Available data:
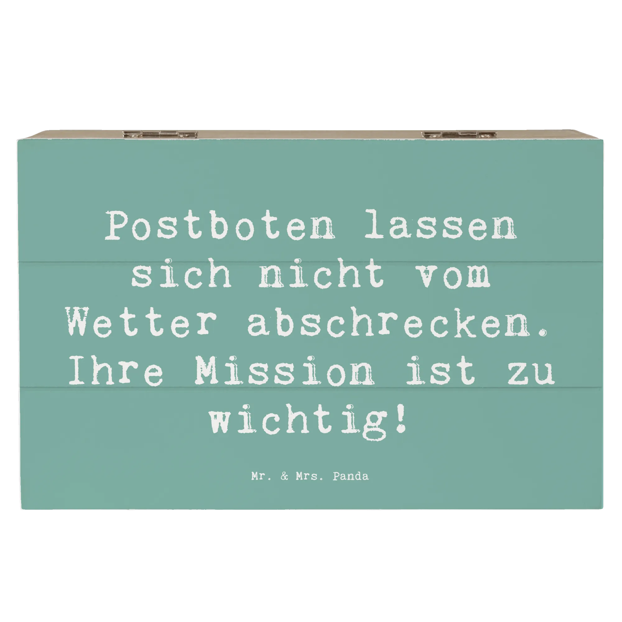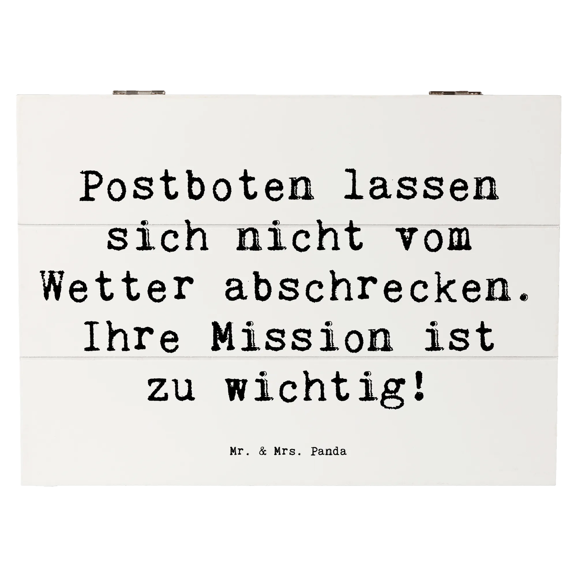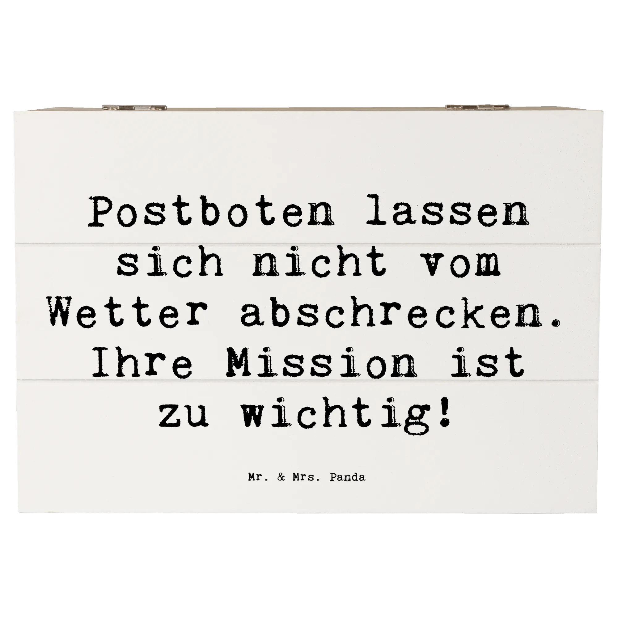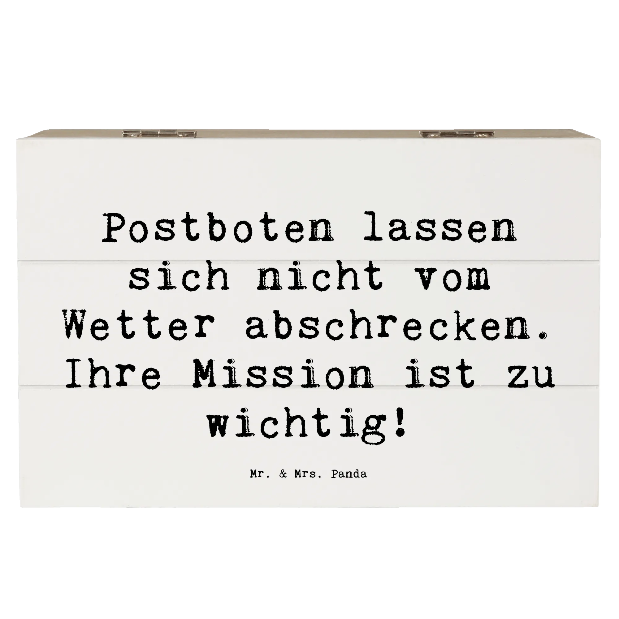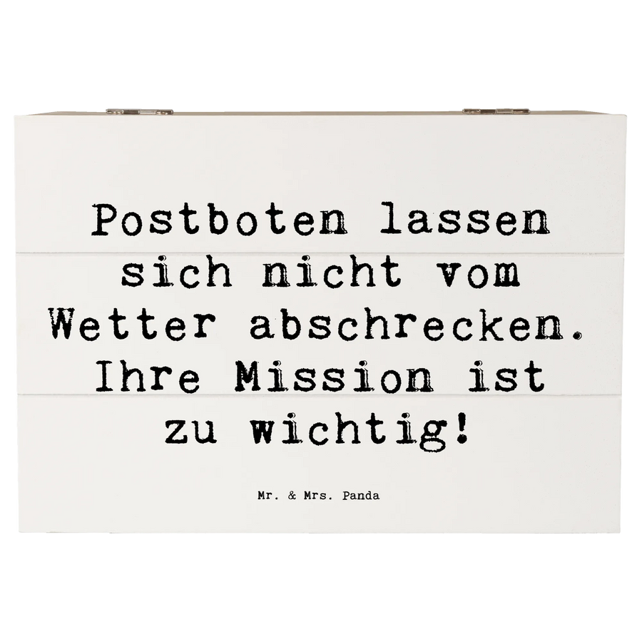 Wooden chest Saying Postboten lassen sich nicht vom Wetter abschrecken. Ihre Mission ist zu wichtig! - 22 x 15 cm - White
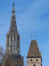 Keywords: münster ulm cathedral tower steeple spire artwork stonemason old monument places of interest metzgerturm hipped roof building brick colorful color light city view
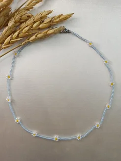 Голубой чокер с ромашками (нержавеющая сталь)

Description of the task:
Starting at the line that contains "Keywords: münster ulm", extract each line through the last line of the material exactly as written, and include no pictures.

Result of this task:
 Keywords: münster ulm cathedral tower steeple spire artwork stonemason old monument places of interest metzgerturm hipped roof building brick colorful color light city view
 Голубой чокер с ромашками (нержавеющая сталь)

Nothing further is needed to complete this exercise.